El camino de ripio fue quedando atrás. Igarassu estaba situada en la periferia de Pernambuco. No era más que un puñado de cuadras desordenadas rodeadas por arena y mar en un extremo y caminos polvorientos con casas humildes donde apretaba el calor. Por fin llegaron a la calle asfaltada y bajaron las ventanillas para que entrara el viento. El locutor de la radio anunciaba las canciones que su madrina sabía de memoria. Cada tanto se daba vuelta para sonreírle y hacerle cosquillas con los dedos en la panza. 

Cuando tomaron la avenida principal llena de autos a Jandiara le empezaron a transpirar las manos. Después de dar varias vueltas en círculo, estacionaron frente a la rodoviaria y al bajar las recibió el olor a pescado frito. Tuvieron que abrirse paso entre los angostos pasillos de la feria y decir “no gracias” a los vendedores que les ofrecían sus productos mientras la música sonaba a todo volumen. 

A medida que fueron caminando hacia el zoológico, les resultó extraño no ver movimiento de gente. Al llegar a la entrada del Caatinga Park vieron sobre la reja cerrada un cartel. Jandiara intentó deletrearlo. En prolija letra impresa anunciaba la clausura momentánea del parque.
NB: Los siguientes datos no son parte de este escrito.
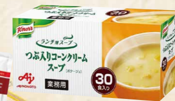
59 味の素クノールランチ用スープ つぶコンクリームスープ 30食

 Simona llamó al guardia a los gritos. El hombre se acercó desganadamente y les explicó sobre la enfermedad que se se había propagado entre los animales herbívoros del parque obligando a su clausura hasta nuevo aviso. Luego escuchó a su madrina gritarle al hombre de chaleco fluo que también levantó la voz. La oyó usar la palabra tenebroso mientras trataba de ver algo entre los barrotes. El guardia se alejó gritando que la noticia había salido varias veces en el diario y la televisión y que no era culpa suya si no se habían enterado. Volvió a sentarse buscando sombra ignorando los pedidos de Simona para que las dejaran pasar aunque fuera un momento. 
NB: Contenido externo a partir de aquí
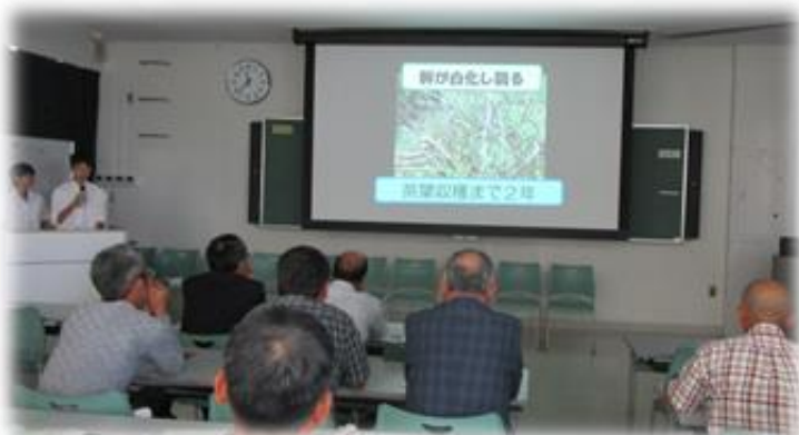
◇ R元年世羅高校生徒との意見交換 ◇

広島県指導農業士会では、研修の受入や農業高校等との意見交換、県内外の先進農家視察を行っています。
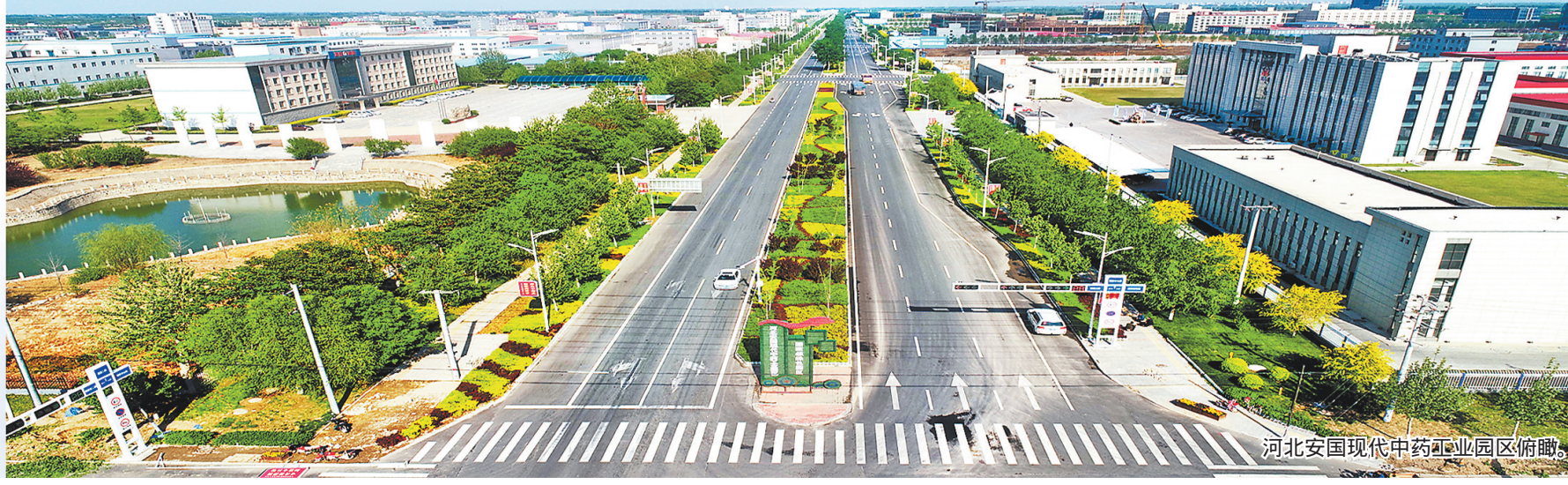
河北安国现代中药工业园区俯瞰。

 Dieron vueltas rodeando las rejas del zoológico, pero solo vieron algunos pájaros con largas colas de colores y la cabeza de la jirafa a lo lejos. Jandiara comprendió que no iban a entrar.

Después, vino el helado en la plaza, las caricias de Simona intentando consolarla y consolarse, las gotas del helado de chocolate cayendo sobre los zapatos blancos que ninguna notó.
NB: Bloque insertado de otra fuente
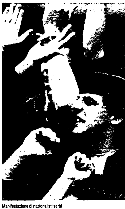
Manifestazione di nazionalisti serbi

I 500mila serbi della Croazia da ieri hanno comin- ciato ad andare alle urne. Hanno tempo fino al 2 settembre per dire se vogliono una forma di autogov- erno. Il governo di Zagabria segue con apprensione lo svolgimento del referendum, mentre a Belgrado Slobodan Milosevic continua a tacere. Non si hanno notizie di incidenti. Il ruolo delle forze arma- te per impedire la disgregazione dello Stato.
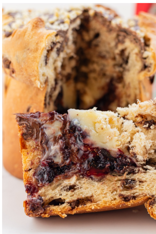
Panetone Recheado Brigadeiro Branco, Nutella e Geléia de Frutas Vermelhas - 1 kg

El viaje de regreso fue en silencio y pareció más corto. Al llegar, comieron las empanadas de camarones que su mamá había preparado. Ignoró las burlas de su hermano y sopló las ocho velitas sobre la mesa del patio. 

Jandiara entró a su cuarto pero esa noche no buscó la banqueta para bajar el libro ni el cuaderno. Cuando estuvo segura de que su madre y su hermano dormían se levantó y fue a sentarse debajo del árbol. 

El barrio ya estaba en silencio y solo se escuchaba el ruido del mar. El perro dormía. 

De repente, sintió el suelo moverse. El palo y la soga donde colgaba la ropa todavía húmeda cayeron al piso. A unos metros de la hamaca la tierra comenzó a ondularse, a caer hacia abajo por agujeros como en un reloj de arena. Lo mismo hacia el otro lado, en el frente y a su espalda. Manchas oscuras asomaron desde el suelo agigantándose una tras otra, pero Jandiara no sintió miedo. 

El perro continuó su sueño inmutable mientras los elefantes se sacudían lentamente la tierra, dando pesados pasos a la luz de la luna.